__Task brief__: From the first line of the entries below through the line holding "x 50 mm | |", write out every line exactly, please, and leave out the pictures.
◆ ◆ ◆
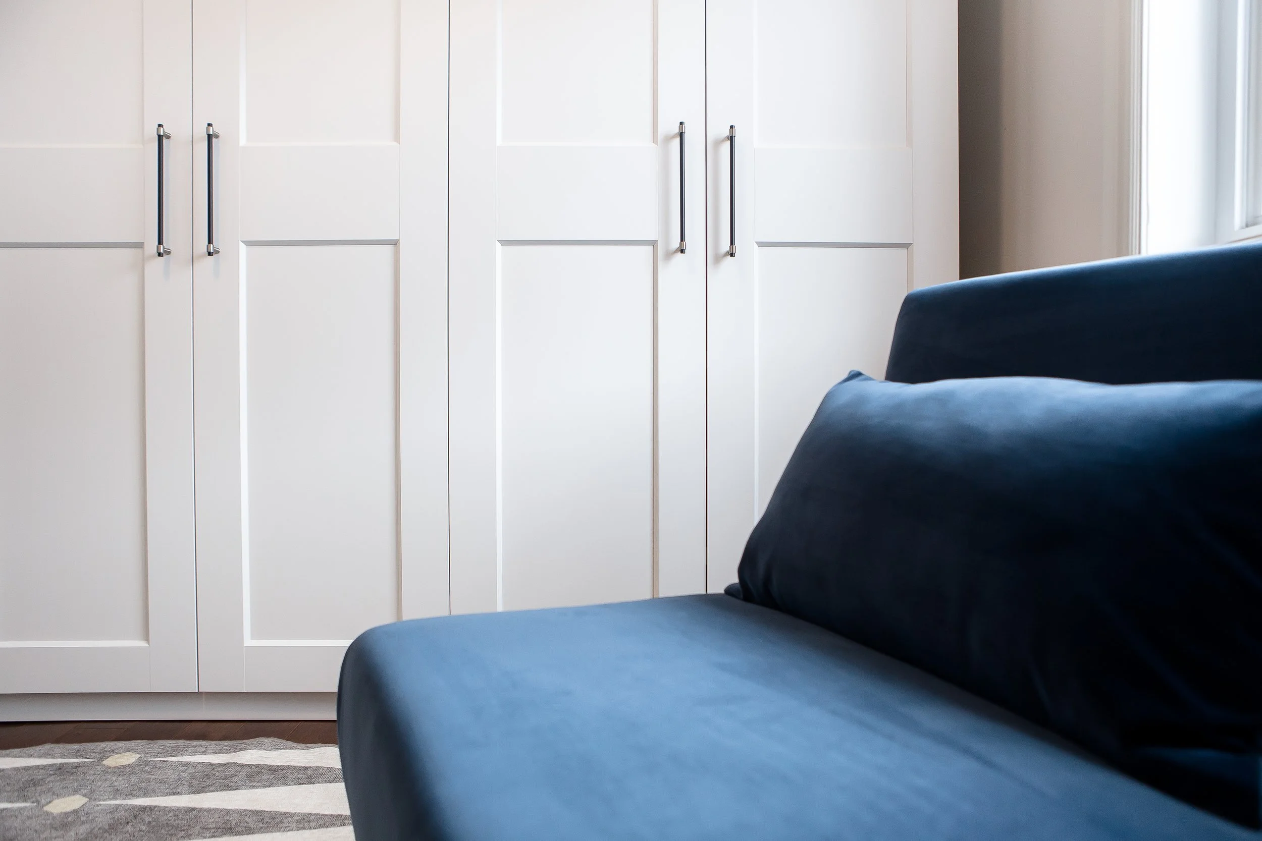 This chair folds out into a single bed for guests, and we added a row of PAX Wardrobes, which were customized with stunning two-toned handles, into the space under the room’s bulkhead.
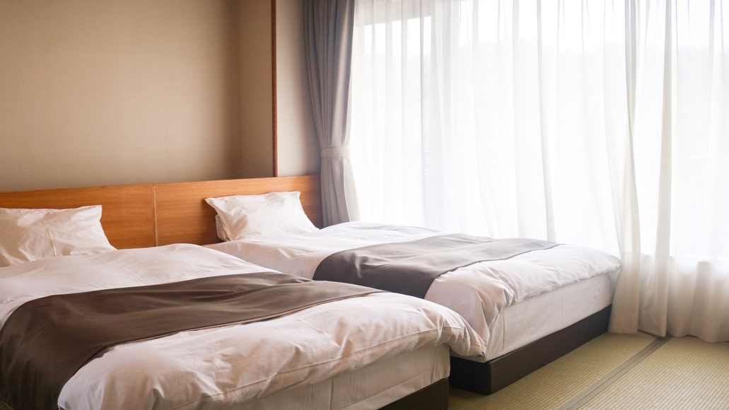 大浴場からも程近く、落ち着いた雰囲気漂う純和風和室にツインベッドをご用意。 角部屋ですのでお隣の音が気になるお客様や賑やかなファミリー様におすすめのお部屋です。
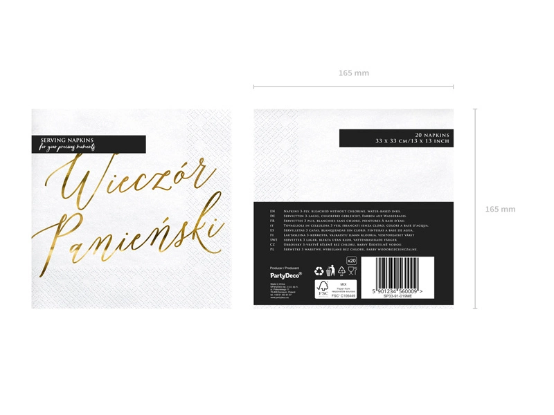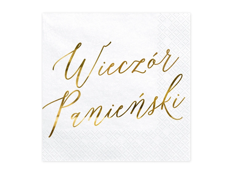 - Serwetki papierowe w kolorze białym ze złotym metalizowanym napisem Wieczór panieński, wymiary po rozłożeniu ok. 33 x 33 cm, wymiary po złożeniu ok. 16.5 x 16.5 cm. (1 op. / 20 szt.)
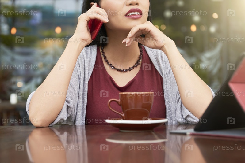 Женщина разговаривает по телефону в кафетерии
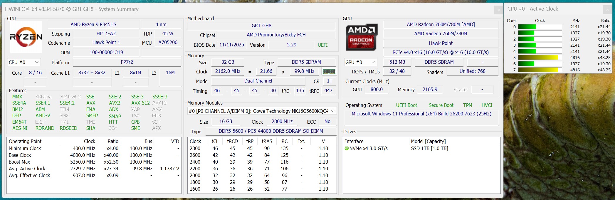 | Alliwava GH8, R9 8945HS AMD Ryzen 9 8945HS ⎘ AMD Radeon 780M ⎘ 32 GB Memória | Preço de tabela: 769€ | 516 g | 127 x 130 x 50 mm | |
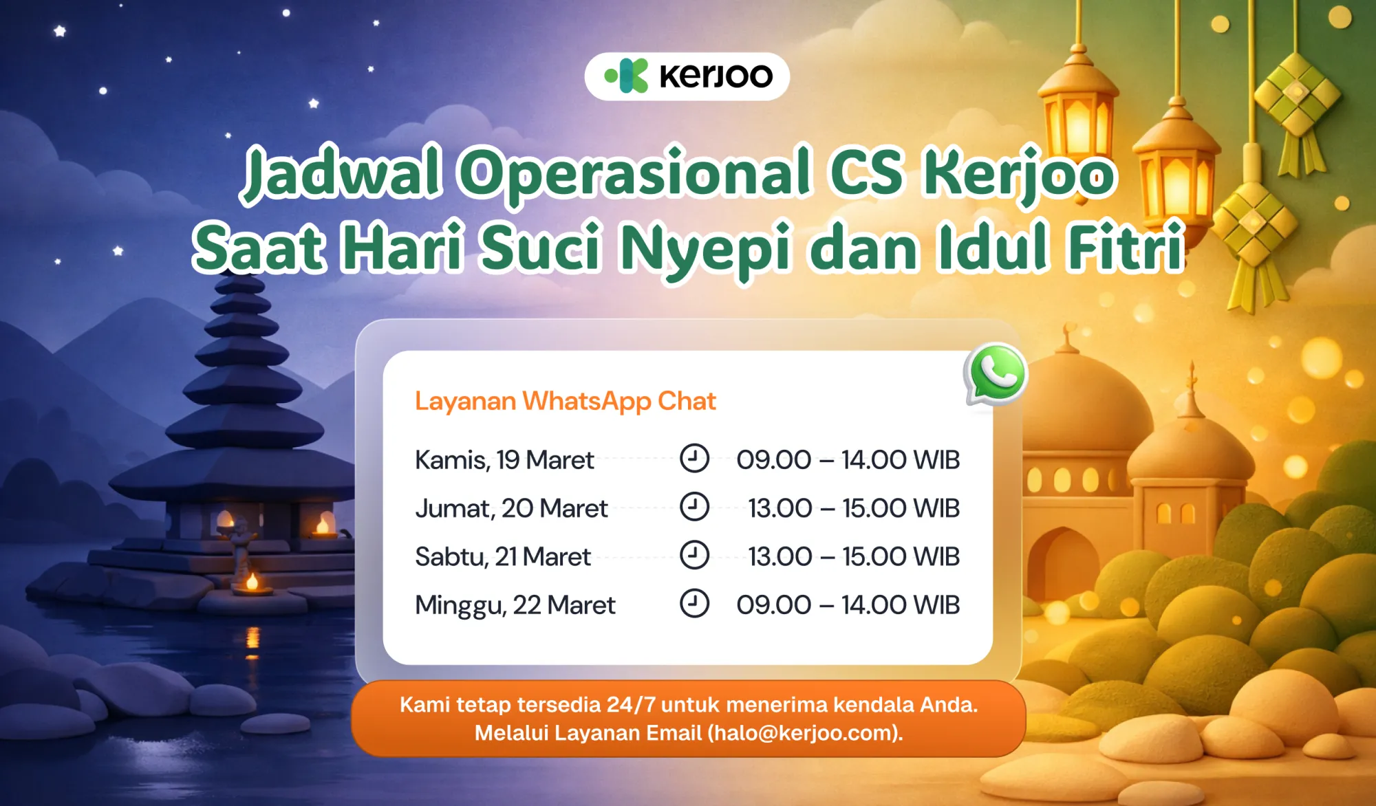 Sehubungan dengan perayaan hari raya, layanan Kerjoo akan mengalami penyesuaian operasional selama periode libur Lebaran. Agar libur Anda tetap tenang dan kebutuhan operasional perusahaan tetap berjalan dengan baik, tim Kerjoo tetap siaga membantu melalui jadwal berikut.
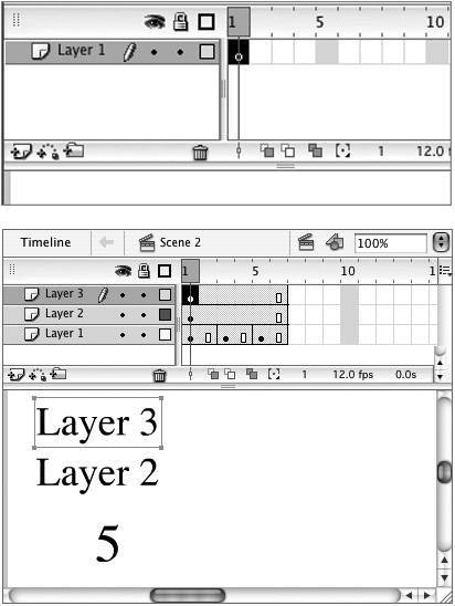 Place content in the layers to help you see what's going on as you work with the various frames and layers. Use the text tool, for example, to place the frame number in every other frame of layer 1 and to place a text block with the name of the layer in layers 2 and 3.
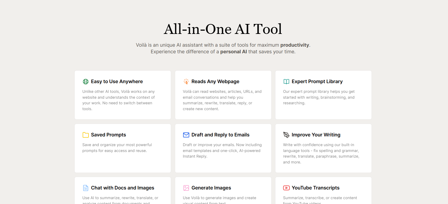Voilà AI fungiert als intelligenter Assistent, der Nutzer beim Schreiben, Recherchieren, Zusammenfassen und Organisieren ihrer Arbeit unterstützt. Da Voilà AI auf Browsern, Desktop-Computern und Mobilgeräten verfügbar ist, integriert es erstklassige KI-Tools nahtlos in Ihren Arbeitsalltag und steigert so Ihre Produktivität – unabhängig von Ihrem Arbeitsplatz.
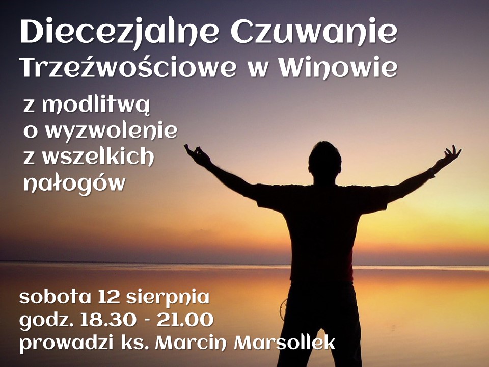 Diecezjalny duszpasterz trzeźwości, ks. Marcin Marsollek, serdecznie zaprasza na diecezjalne czuwanie trzeźwościowe, które odbędzie się w sobotę 12 sierpnia br. w parafii Ducha Świętego w Opolu-Winowie. Czuwanie rozpocznie Eucharystia o godz. 18.30, a po niej odbędzie się (do godz. 21.00) adoracja Najświętszego Sakramentu z prośbą o dar trzeźwego życia.
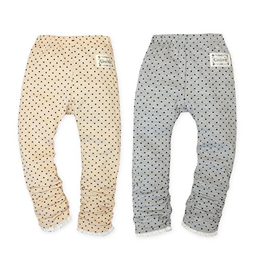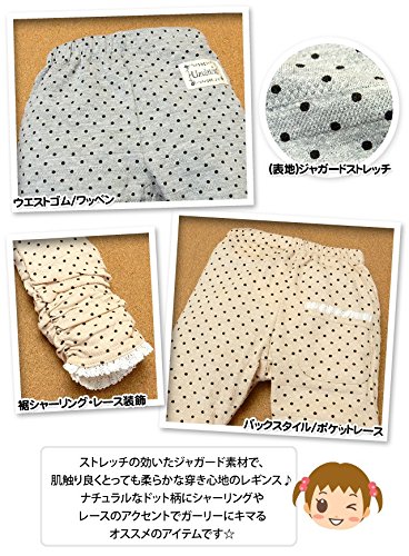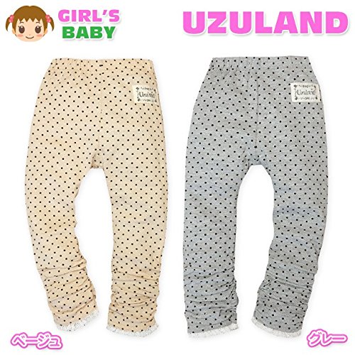 (グレー/80cm)ベビー服 女の子 レギンス ボトム UZULAND ウズランド ジャガードストレッチ ドット柄 シャーリング レース ウエストゴム 女児 ベビー
◆ ◆ ◆
__Output of the exercise__:
 This chair folds out into a single bed for guests, and we added a row of PAX Wardrobes, which were customized with stunning two-toned handles, into the space under the room’s bulkhead.
 大浴場からも程近く、落ち着いた雰囲気漂う純和風和室にツインベッドをご用意。 角部屋ですのでお隣の音が気になるお客様や賑やかなファミリー様におすすめのお部屋です。
 - Serwetki papierowe w kolorze białym ze złotym metalizowanym napisem Wieczór panieński, wymiary po rozłożeniu ok. 33 x 33 cm, wymiary po złożeniu ok. 16.5 x 16.5 cm. (1 op. / 20 szt.)
 Женщина разговаривает по телефону в кафетерии
 | Alliwava GH8, R9 8945HS AMD Ryzen 9 8945HS ⎘ AMD Radeon 780M ⎘ 32 GB Memória | Preço de tabela: 769€ | 516 g | 127 x 130 x 50 mm | |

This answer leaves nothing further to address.